INFORMATION PROVIDED:
»»
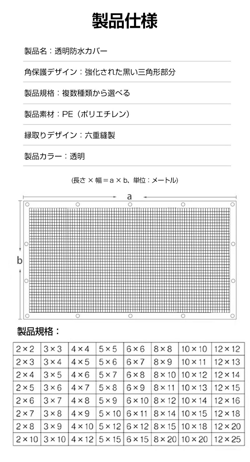 透明防水カバー 雨よけ 日よけシェード 200×200cm 200×300cm 200×400cm 200×500cm 200×600cm 200×800cm 200×1000cm 300×300cm 300×400cm 300×500cm 300×600cm 300×700cm 300×800cm 300×1000cm 400×400cm 400×500cm 400×600cm 400×800cm 400×1000cm 500×500cm 500×600cm 500×800cm 500×1000cm 600×600cm 600×700cm 600×800cm 600×1000cm
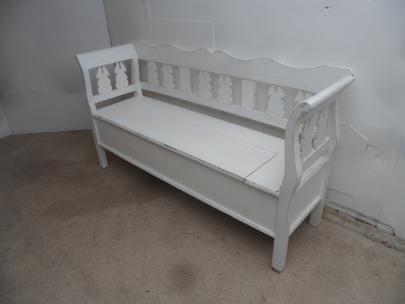 Lovely 2/3 Seater Antique Pine Painted White Hall / Kitchen Box / Settle / Bench
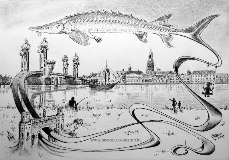 Vingen hiervoor een uitzonderlijk grote Steur uit de IJssel.
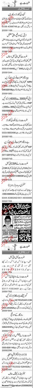 Call Center Representatives, Clerks, Data Entry Operators, Drivers, Eectricians, Helpers, Security Supervisors and Security Guards are required in Islamabad.
««
EXERCISE: The entire listing above is to be copied exactly, with all pictures omitted.

OUTPUT:
 透明防水カバー 雨よけ 日よけシェード 200×200cm 200×300cm 200×400cm 200×500cm 200×600cm 200×800cm 200×1000cm 300×300cm 300×400cm 300×500cm 300×600cm 300×700cm 300×800cm 300×1000cm 400×400cm 400×500cm 400×600cm 400×800cm 400×1000cm 500×500cm 500×600cm 500×800cm 500×1000cm 600×600cm 600×700cm 600×800cm 600×1000cm
 Lovely 2/3 Seater Antique Pine Painted White Hall / Kitchen Box / Settle / Bench
 Vingen hiervoor een uitzonderlijk grote Steur uit de IJssel.
 Call Center Representatives, Clerks, Data Entry Operators, Drivers, Eectricians, Helpers, Security Supervisors and Security Guards are required in Islamabad.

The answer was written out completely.